Control of the load store operations for both l-channel and Q-channel 
data memories is provided by load-store control unit 219 which includes 
address generation units (AGUs), ALUs for calculating addresses, and 
register files for control and configuration of the AGUs. As would be known to 
those of ordinary skill in the art, address pointers are frequently employed for 
indirect addressing. The present invention likewise includes a number of 
dedicated AGUs and ALUs in load-store unit 219 to calculate addresses using 
offset and modulo addressing techniques so that indirect addressing may be 
used. The AGUs and ALUs in load-store unit 219 may also be capable of 
post-increment and post-decrement indirect addressing techniques, which are 
well known in the art. Because processor 200 includes dual data memories, 
the present invention also provides for independent pointers to each channel's 
data memories.
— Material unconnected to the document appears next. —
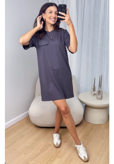 Grafitowa idealna Sukienka z Patką – autorska elegancja w codziennym wydaniu ♥
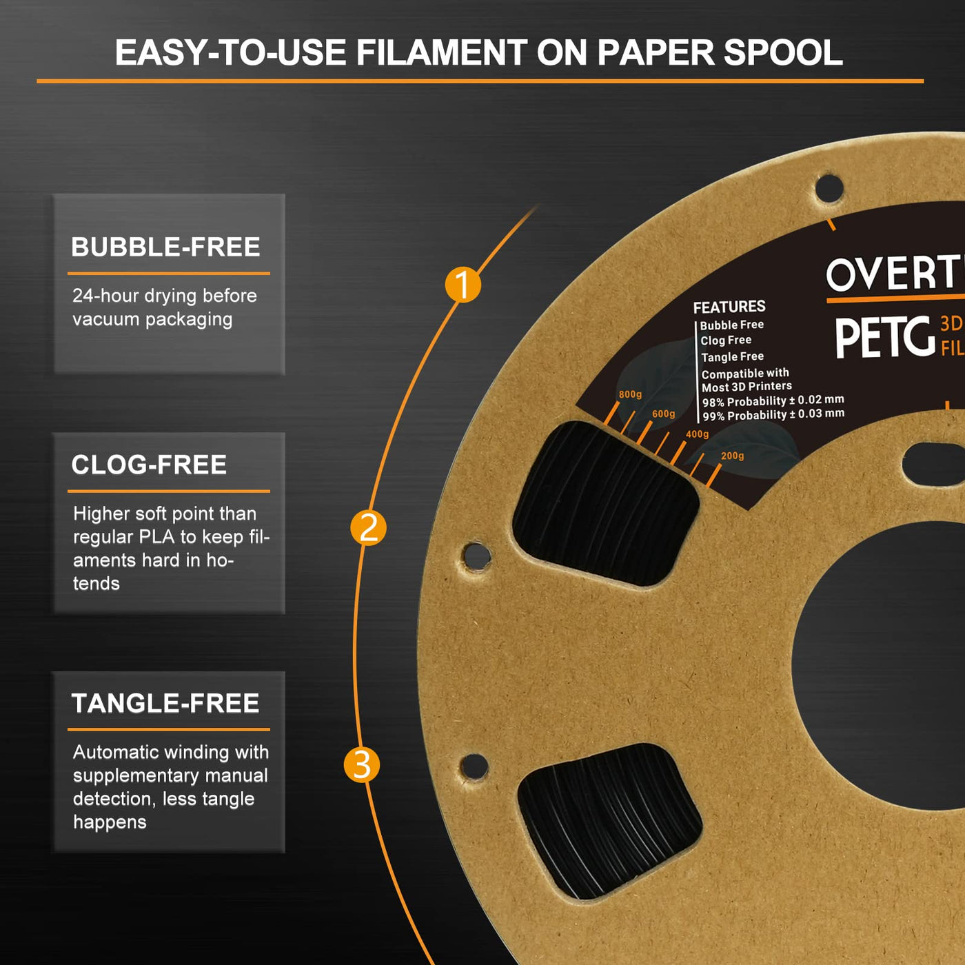Q: What temperature settings are recommended for printing with OVERTURE PETG filament?A: For optimal results when using OVERTURE PETG filament, it is recommended to set your extrusion/nozzle temperature between 230°C and 250°C (446°F to 482°F). Additionally, the heated bed should be set between 80°C and 90°C (176°F to 194°F) for better adhesion and print quality.

The load-store unit 219 permits simultaneous and 
independent addresses to be calculated for the l-channel and Q-channel data 
memories. Alternatively, pointers can be linked such that only one address 
needs to be generated to simultaneously address both the l-channel and the 
Q-channel data memory. Load-store unit 219 in one example of the present 
invention, includes a 32x1 6-bit address pointer register file. 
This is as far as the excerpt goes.